Le Conseil d’administration de l’UNICEF a approuvé un nouveau programme de coopération avec le Mali, doté d’un budget indicatif de 343,7 millions de dollars pour la période 2027-2031. Près de 68,5 % de cette enveloppe devront toutefois être mobilisés auprès de partenaires.
Adopté lors de la deuxième session ordinaire du Conseil d’administration, tenue du 1er au 4 septembre à New York, le programme prendra effet en janvier 2027 et succédera au cadre de coopération lancé en 2020 et prolongé jusqu’à fin 2026.
Sur l’enveloppe prévue, 108,2 millions de dollars proviendront des ressources ordinaires de l’UNICEF et 235,5 millions d’autres ressources destinées notamment à des programmes spécifiques. L’organisation précise que l’adoption du programme ne signifie donc pas que l’ensemble des financements est déjà disponible.
L’éducation constitue le principal secteur d’intervention, avec 71,1 millions de dollars, suivie de la santé (54,2 millions), des politiques sociales et de l’inclusion (45 millions), ainsi que de l’eau, de l’assainissement et de l’adaptation climatique (42 millions). La nutrition bénéficiera de 38,4 millions et la protection de l’enfance de 35,8 millions de dollars.
Ce programme intervient dans un contexte de fortes vulnérabilités. Les moins de 18 ans représentent plus de la moitié de la population malienne, tandis que 35,6 % des enfants et adolescents vivent dans une situation de pauvreté multidimensionnelle. Le phénomène est particulièrement marqué en milieu rural, où il atteint 48,4 %, contre 15,4 % dans les zones urbaines.
Le système éducatif reste également confronté à d’importants défis : entre 1 et 2 millions d’enfants de 6 à 17 ans ne fréquentent pas l’école et environ 3 000 établissements ont été fermés en raison notamment de l’insécurité et des inondations.
Dans le domaine de la santé, l’UNICEF relève une couverture vaccinale encore insuffisante et une mortalité des moins de cinq ans de 91 décès pour 1 000 naissances vivantes. Environ un enfant sur quatre souffre par ailleurs d’un retard de croissance.
La crise sécuritaire accentue ces difficultés. En 2025, le Mali comptait plus de 415 000 personnes déplacées internes, dont environ 240 700 enfants. Sur les 5,1 millions de personnes ayant besoin d’une assistance humanitaire, près de 2,8 millions étaient des enfants.
Pour répondre à ces défis, l’UNICEF prévoit de maintenir certains services essentiels à l’échelle nationale, tout en concentrant des interventions intégrées dans onze régions et territoires prioritaires. Dans les zones difficiles d’accès, l’organisation entend développer les services mobiles, les interventions à distance et le recours aux organisations locales.

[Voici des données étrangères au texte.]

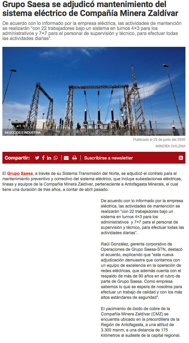 Grupo Saesa se adjudicó mantenimiento del sistema eléctrico de Compañía Minera Zaldívar - (revistaei.cl)

D’ici 2031, le programme vise notamment à accroître la couverture vaccinale, renforcer la prise en charge de la malnutrition aiguë sévère et réduire la proportion d’enfants privés d’école. L’UNICEF ambitionne également d’améliorer l’accès à l’eau potable et à l’assainissement.

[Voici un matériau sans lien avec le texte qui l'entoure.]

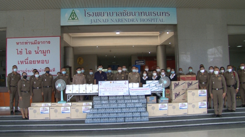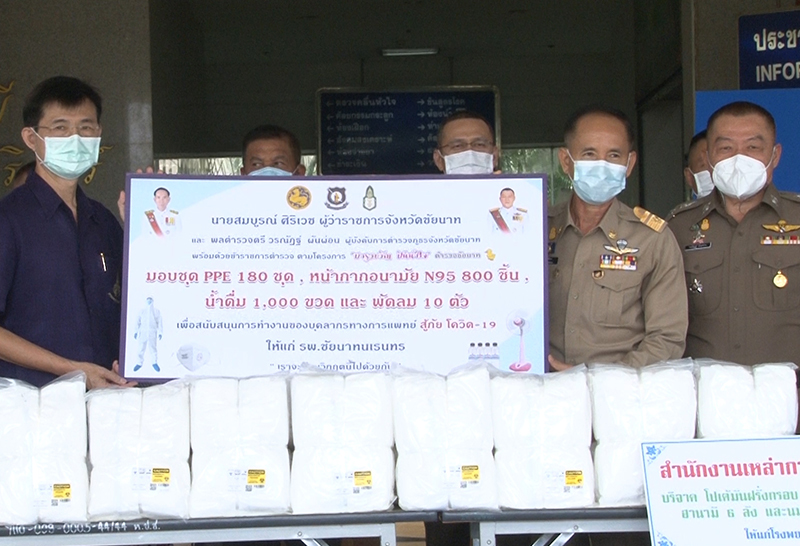 นายสมบูรณ์ ศิริเวช ผู้ว่าราชการจังหวัดชัยนาท พร้อมด้วย พต.ต.ต.วรณัฎฐ์ ผันผ่อง ผู้บังคับการตำรวจภูธรจังหวัดชัยนาท, นางจุฬาภร ศิริเวช นายกเหล่ากาชาดจังหวัดชัยนาท ข้าราชการตำรวจจังหวัดชัยนาท และหน่วยงานที่เกี่ยวข้อง ร่วมกัน มอบชุด PPE จำนวน 180 ชุด หน้ากากอนามัย N95 จำนวน 800 ชิ้น น้ำดื่ม 1,000 ขวด และอุปกรณ์ทางการแพทย์อื่นๆ ให้กับ นพ.พรเพชร นันทวุฒิพันธุ์ ผู้อำนวยการโรงพยาบาลชัยนาทนเรนทร ตามโครงการบำรุงขวัญ ปันน้ำใจ ตำรวจชัยนาท เพื่อสนับสนุนในภารกิจการปฏิบัติหน้าที่ป้องกันและรักษา ผู้ป่วยติดเชื้อไวรัสโควิด-19 ในพื้นที่จังหวัดชัยนาท

La mise en œuvre se fera avec le gouvernement malien, sous la supervision du ministère des Affaires étrangères et de la Coopération internationale. Elle dépendra toutefois de la mobilisation effective des financements et de la capacité à maintenir les services sociaux dans les zones touchées par l’insécurité et les déplacements.